Kaleidoscopes Using Triangles

A triangle of three mirrors makes a kaleidoscope. At each corner arises a rotational symmetry from multiple reflections at two mirrors. Thus every corner is the center of a rosette and the corner angles have to be unit fractions of $180^{\circ }$ . We can characterize a triangle by three integers $(kmn)$ . The angles at the corners are $180^{\circ }/k$ , $180^{\circ }/m$ and $180^{\circ }/n$ . They are creating $k$ , $m$ and $n$ -fold rotational symmetries. Such triangles are known as Möbius triangles, which are special cases of Schwarz triangles. The mirror symmetries at the sides of the triangle generate a triangle group [8]. Applying its elements to the triangle we get a tiling of the plane [7]. Thus we have a unique mapping of output image pixels into the triangle and to pixels of an input image. Yet we need an efficient method for doing it.

The resulting images depend on whether the sum of the angles is smaller, equal or larger than $180^{\circ }$ . If we use straight lines for the triangle in the Euclidean plane of the output image, then this sum has to be equal to $180^{\circ }$ and thus $(1/k+1/m+1/n)=1$ . This equation has only three essential solutions: (424), (333) and (623). As kaleidoscopes they make well-known periodic images with 2, 3, 4 and 6-fold rotational symmetries. You cannot have other rotational symmetries using three plane mirrors put together as a prism.

Kaleidoscopes with a Small Sum of Angles

What happens if we increase the numbers $k,m$ or $n$ ? The sum of the angles then becomes smaller than $180^{\circ }$ . As an example, (524) give us angles of $36^{\circ }$ , $90^{\circ }$ and $45^{\circ }$ with a sum of $171^{\circ }$ . Obviously, the triangle can still have two straight lines meeting at an angle of $36^{\circ }$ . This in itself already makes the resulting image a rosette of five-fold rotational symmetry. The third line cannot be a straight line. Using instead a circle arc we

Kaleidoscopes for Non-Euclidean Space

can get corner angles of $90^{\circ }$ and $45^{\circ }$ generating 2-fold and 4-fold rotational symmetries.

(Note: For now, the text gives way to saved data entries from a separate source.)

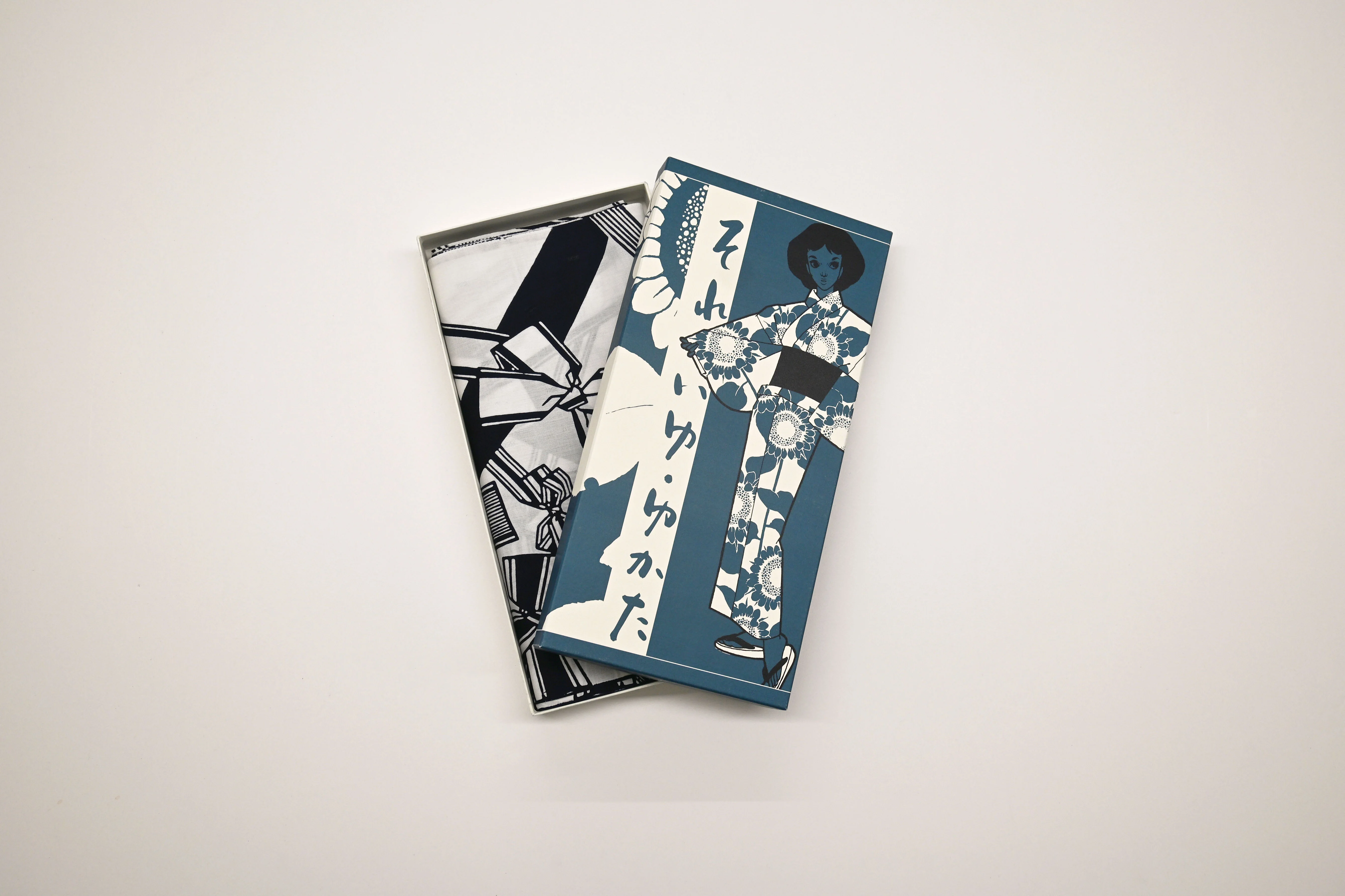 昭和30年代に人気を博した「それいゆゆかた」を、当時と同様の注染技法で復刻。にじみやぼかしを活かした、やわらかく優しい風合いが特徴です。発売当時のつつみ紙から再現したオリジナルボックス付き。
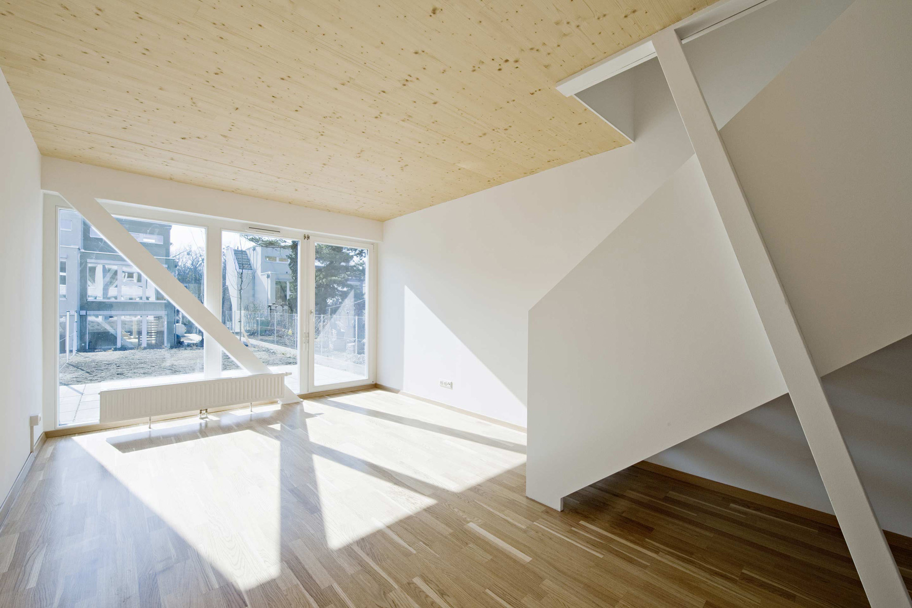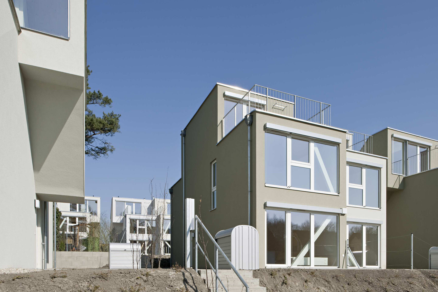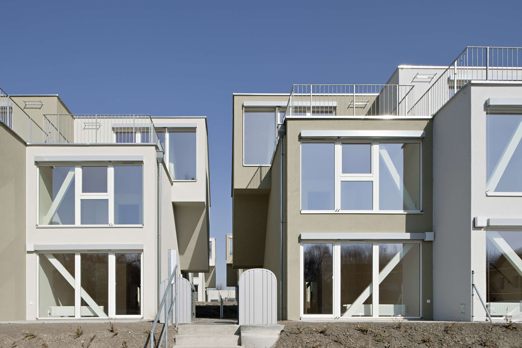 Äußerlich sind die Häuser völlig identisch, im Inneren jedoch sind sie vielseitig konfigurierbar und können unterschiedlichste Lebens-, Wohn- und Arbeitsformen aufnehmen, zumal sie sich durch einen stark vereinfachten Aufbau auszeichnen. Die konzeptionelle Einfachheit des Hauses entstand nicht zuletzt aus dem Anspruch der Entwicklung eines qualitativ hochwertigen Standard-Gebäudetyps. Der Aufbau des Hauses erfolgt ausschließlich mit Fertig- und Halbfertigteilen, die auch später leicht demontiert werden können und vollständig recyclebar sind. Die Siedlung zeichnet sich durch eine hohe Nachhaltigkeit aus: z.B. durch Einsatz emmissionsarmer Bauprodukte, standortgerechter Bepflanzung sowie Regenwassernutzung für die Bewässerung. Holzbaustoffe kommen als wesentlicher Bestandteil in Form von Decken- und Wandelementen und für Stiegen, Fenster und Böden zum Einsatz. Die Energieversorgung erfolgt über ein zentrales Nahwärmenetz und ist äußerst sparsam.
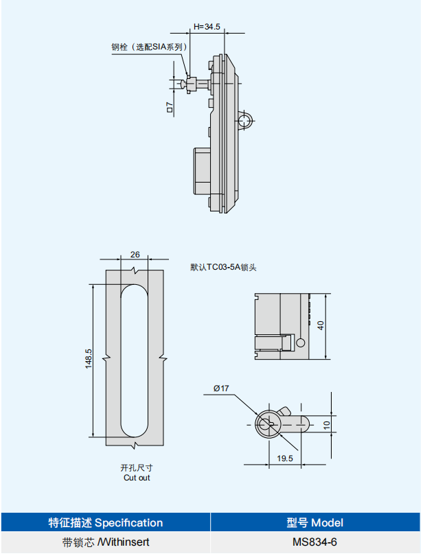 特征说明材质:锌合金基座、手柄锁头组件,碳钢钢栓、转动条 表面处理:喷漆(黑色高耐盐雾)手柄、基座,镀亮光 铬锁头组件结构说明:手柄抬起 45°后可 135°旋转带动传动结构 实现开启和锁闭,调换齿轮齿条位置实现左右开启,可带挂锁 备注:默认 TC03-5A 锁头
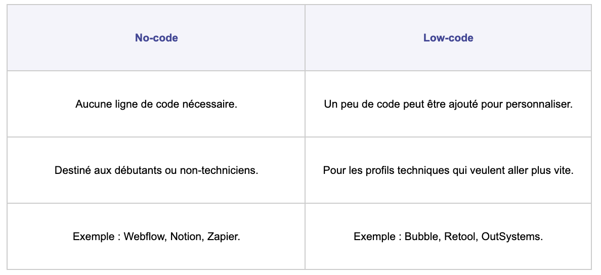👉 En résumé : le no-code est 100 % visuel, tandis que le low-code permet plus de flexibilité pour ceux qui ont quelques bases en développement.
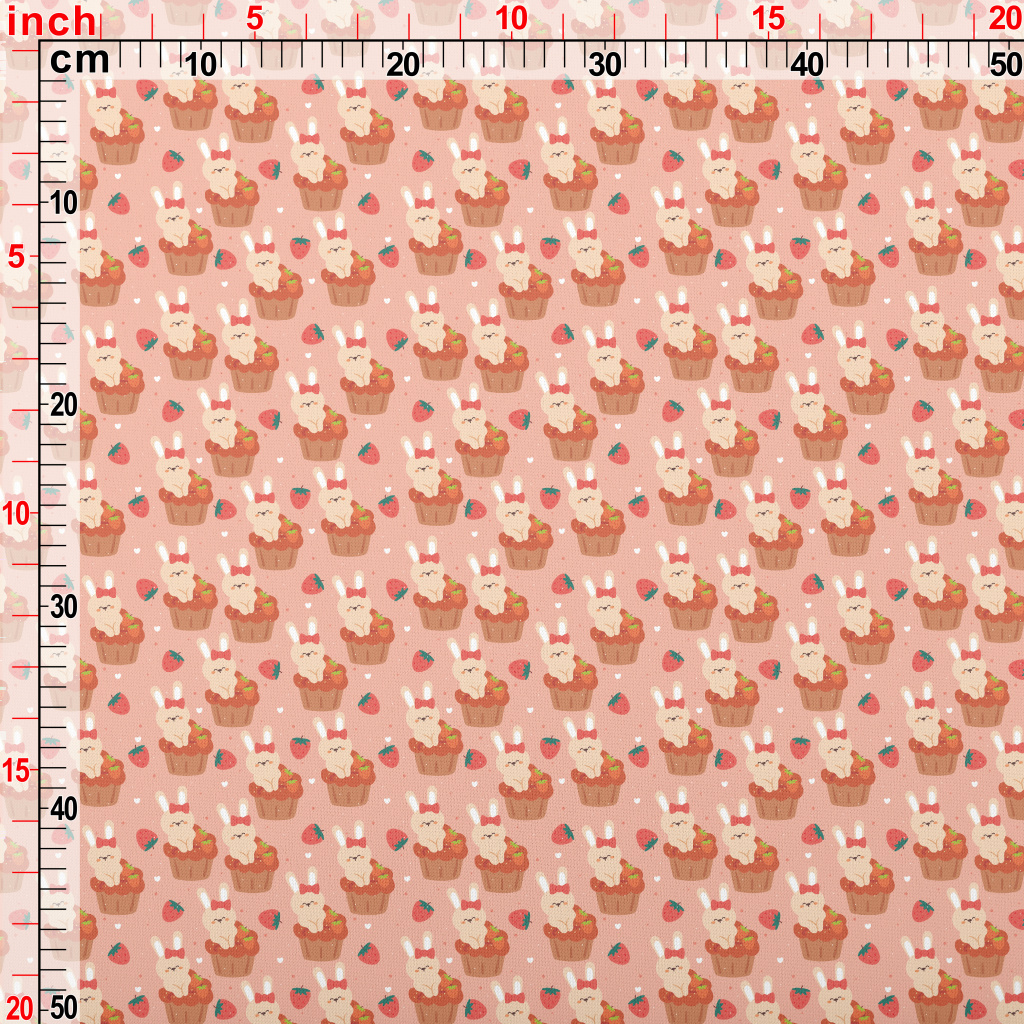 Bunny In Strawberry Cupcake Lightweight Cotton Poplin

Figure 2 shows the triangle and a typical result. For the reflection in the arc we use an inversion in its circle instead of a mirror symmetry. Note that this inversion is a purely mathematical imaging and not the same as an optical reflection in a convex mirror. Yet, there are similarities. Very close to a convex mirror we get the same image as for a plane mirror. The inversion of a point close to the inverting circle gives the same result as a mirror image at a tangent to the circle. Far away the images are reduced in size for both the inversion circle and the convex mirror. Going towards the border of the image we get a decreasing geometric series for the size of the copies of the central motive.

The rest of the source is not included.